China used to adopt a "two ends out" development model-importing raw materials and exporting final products to the world market. Under this model, Chinese foreign trade companies introduced foreign technologies and brands, and utilized low-cost domestic labor to manufacture products and then sell them to overseas markets. Now, China has entered a stage of high-quality development, wherein a new development model allows the world to share its market opportunities. For instance, Chinese companies buying products manufactured in other RCEP member states will create development opportunities for the manufacturing sector and jobs in those countries. In years to come, the proportion of "Made in China "products will drop continuously and China's trade surplus with other RCEP signatories will decrease dramatically.

China is not a resource-abundant nation and is facing problems such as its rising labor costs. If China closes its door to the outside world, surging domestic labor costs will make it difficult for Chinese companies to stay afloat. In that case, due to the thin profit margins of the real economy, the bulk of capital will flow to the financial markets, creating bubbles and systemic financial risks. But given an overseas business environment with relatively lower labor costs, more Chinese companies will choose to go global, the same way as a massive flock of European and US multinationals came to China in pursuit of a more cost-effective manufacturing base decades ago.
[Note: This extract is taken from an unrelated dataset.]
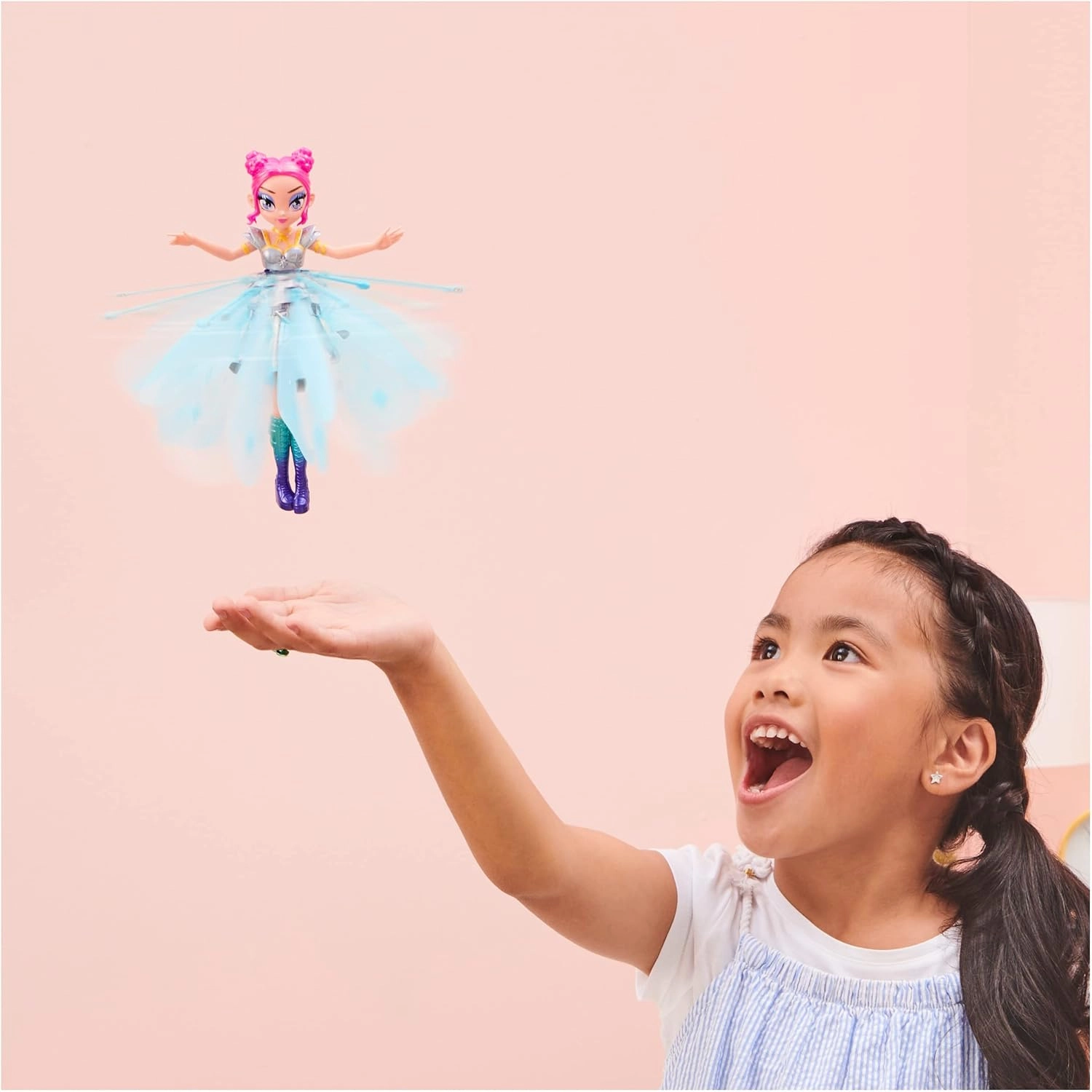 Zâna Pixies, odată pornită, se înalță și reacționează inteligent la înălțimea palmelor tale. Controlează zborul intuitiv – fără butoane și setări complicate.
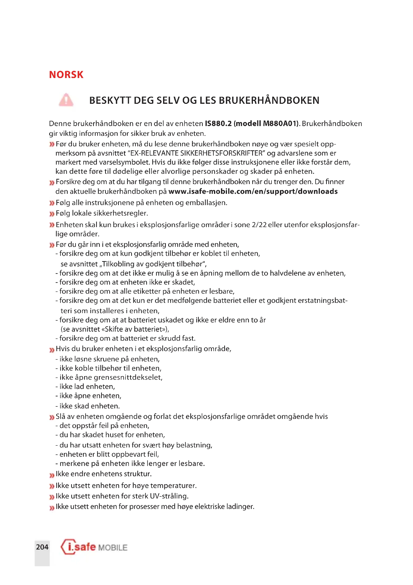 HANDELSMERKEN i.safeMOBILEGmbH en het i.safeMOBILEGmbH-logo zijn merken van i.safeMOBILEGmbH. Geleverd met de Google™- app en Google Chrome™. Google en Google Chrome zijn handelsmerken van Google LLC. Android is een handelsmerk van Google LLC. Alle andere merken en auteursrechten zijn eigendom van hun betreende houders.204 NORSK BESKYTT DEG SELV OG LES BRUKERHÅNDBOKEN Denne brukerhåndboken er en del av enheten IS880.2 (modell M880A01). Brukerhåndboken gir viktig informasjon for sikker bruk av enheten. Før du bruker enheten, må du lese denne brukerhåndboken nøye og vær spesielt opp- merksom på avsnittet “EX-RELEVANTE SIKKERHETSFORSKRIFTER” og advarslene som er markert med varselsymbolet. Hvis du ikke følger disse instruksjonene eller ikke forstår dem, kan dette føre til dødelige eller alvorlige personskader og skader på enheten. Forsikre deg om at du har tilgang til denne brukerhåndboken når du trenger den. Du nner den aktuelle brukerhåndboken på www.isafe-mobile.com/en/support/downloads Følg alle instruksjonene på enheten og emballasjen. Følg lokale sikkerhetsregler. Enheten skal kun brukes i eksplosjonsfarlige områder i sone 2/22 eller utenfor eksplosjonsfar- lige områder. Før du går inn i et eksplosjonsfarlig område med enheten, - forsikre deg om at kun godkjent tilbehør er koblet til enheten, se avsnittet „Tilkobling av godkjent tilbehør“, - forsikre deg om at det ikke er mulig å se en åpning mellom de to halvdelene av enheten, - forsikre deg om at enheten ikke er skadet, - forsikre deg om at alle etiketter på enheten er lesbare, - forsikre deg om at det kun er det medfølgende batteriet eller et godkjent erstatningsbat- teri som installeres i enheten, - forsikre deg om at at batteriet uskadet og ikke er eldre enn to år (se avsnittet «Skifte av batteriet»), - forsikre deg om at batteriet er skrudd fast. Hvis du bruker enheten i et eksplosjonsfarlig område, - ikke løsne skruene på enheten, - ikke koble tilbehør til enheten, - ikke åpne grensesnittdekselet, - ikke lad enheten, - ikke åpne enheten, - ikke skad enheten. Slå av enheten omgående og forlat det eksplosjonsfarlige området omgående hvis - det oppstår feil på enheten, - du har skadet huset for enheten, - du har utsatt enheten for svært høy belastning, - enheten er blitt oppbevart feil, - merkene på enheten ikke lenger er lesbare. Ikke endre enhetens struktur. Ikke utsett enheten for høye temperaturer. Ikke utsett enheten for sterk UV-stråling. Ikke utsett enheten for prosesser med høye elektriske ladinger.NO

Under the new development model, China will create wealth not through its low-cost advantage, but rather through the exports of Chinese technologies and brands, and that is why the RCEP appeals to China. In years to come, China's service trade deficit will shrink sharply or even turn into surplus, accompanied by a continuous decline in its goods trade surplus or even a possible deficit in goods trade.

The RCEP signatory countries also see the window of opportunity to cash in on China's enormous market through mutually beneficial cooperation. China's foreign trade has not shrunk, nor has its economy been crippled by great external uncertainties. Making the cake bigger and then sharing the cake through global collaboration is much wiser than solving the problem of how to divide a shrinking cake.

The author is the director of the Financial Research Center at Fudan Development Institute. The author contributed this article to China Watch, a think tank powered by China Daily. The views do not necessarily reflect those of China Daily.